The most common current conservative argument against Roe v. Wade is not that a right to privacy doesn't exist but that it doesn't apply to the abortion case. In the language of Reagan administration solicitor general Charles Fried, the Court can "pull the thread" of Roe, reversing its decision without otherwise affecting the well-established right to privacy. This is a hard argument today; as Justice John Paul Stevens has pointed out, it's hard to argue that women have a fundamental right to reproductive freedom before pregnancy that vanishes immediately after pregnancy. But it's the only route available to anti-Roe conservatives; opposing a wholesale right to privacy is a nonstarter.

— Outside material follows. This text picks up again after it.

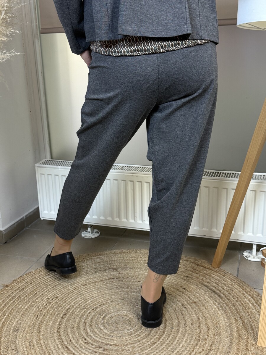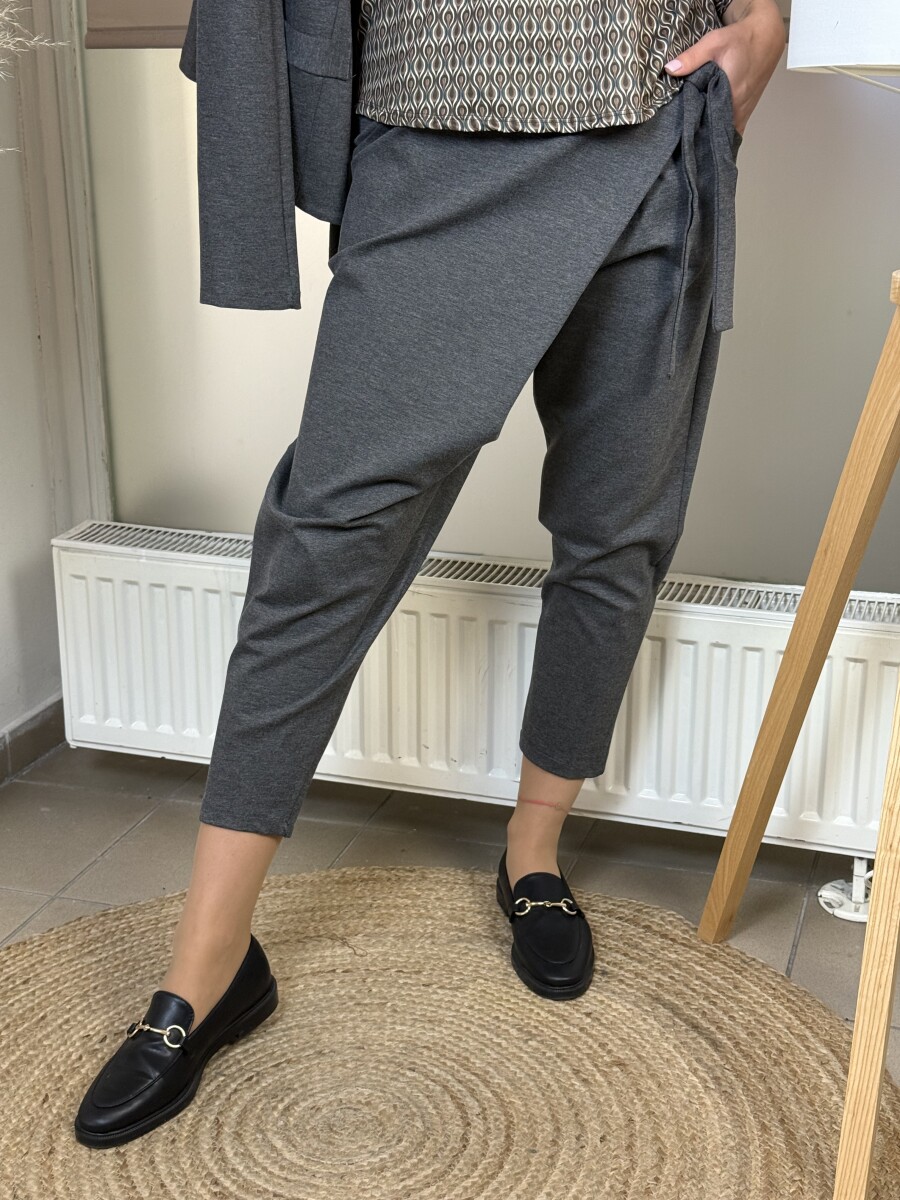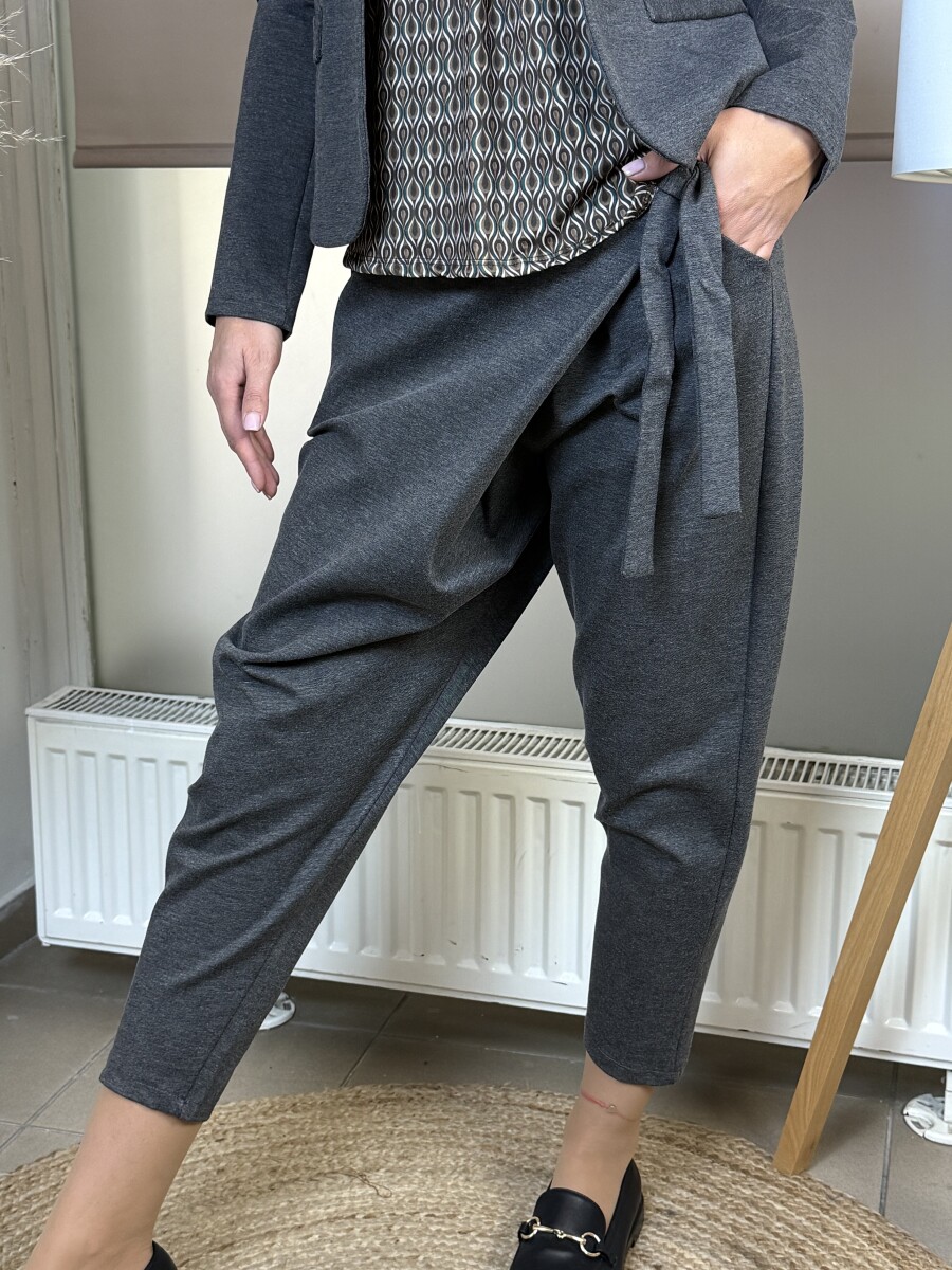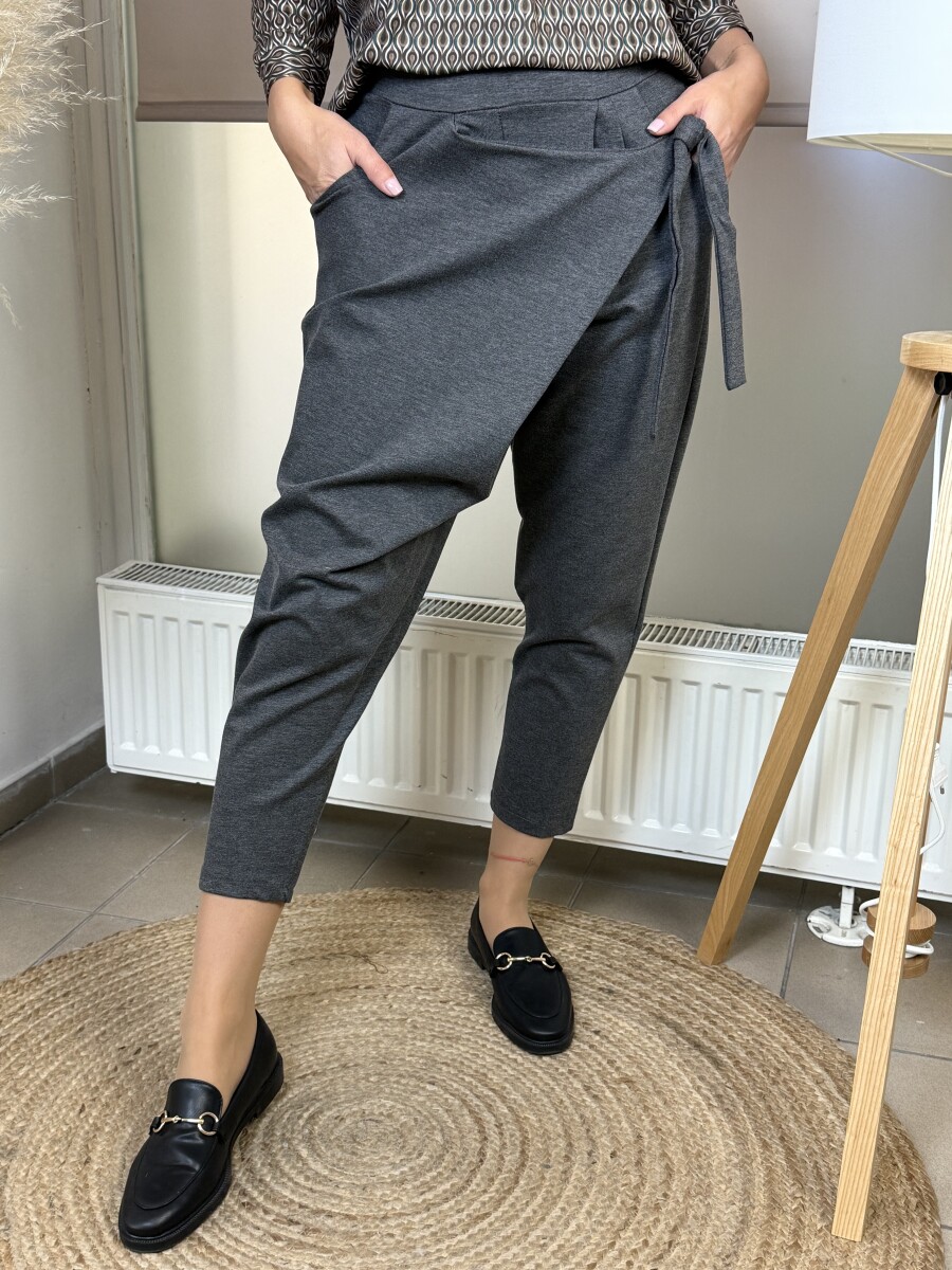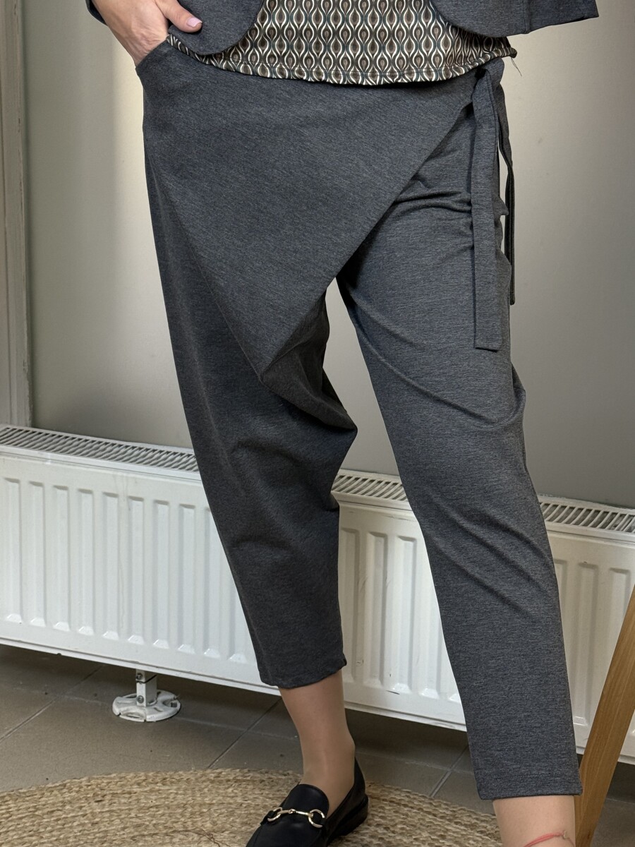 Magas gumis derekú, elől csípett, szűkülő szárú, oldalán zsebes, elől átlapolt, kötővel záródó, bővebb fazonú nadrág.
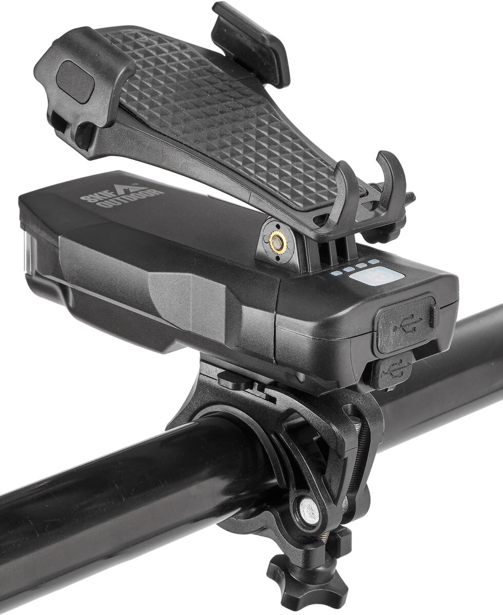 Удобство и надежность – отличительный признак новинки от Skif Outdoor велосипедного фонаря Smart C-Lamp. Помимо своей основной функции, модель может использоваться и для крепления телефона. Угол наклона крепежа легко регулируется. Сам фонарь оснащен интегрированным аккумулятором мощностью 4000 mAh, который гарантирует бесперебойную работу в течении 3 часов в максимальном режиме и 4 часа в среднем, а также позволяет заряжать телефон. Выносная кнопка дает возможность управлять режимами освещения и подавать звуковой сигнал, не отвлекаясь от вождения. Корпус из прочного пластика и класс защиты IPx4 защитит от влаги во время непогоды.

Despite the permanent entrenchment of the right to privacy in American constitutionalism, the reproductive rights that Griswold helped to expand are now under siege. Protecting the reproductive rights of American women, in particular, will require determined action in all branches of federal and state government. Progressives should begin by defending the rights announced in Griswold unapologetically. The Court was right 45 years ago, and the rights it articulated in that case are worth preserving.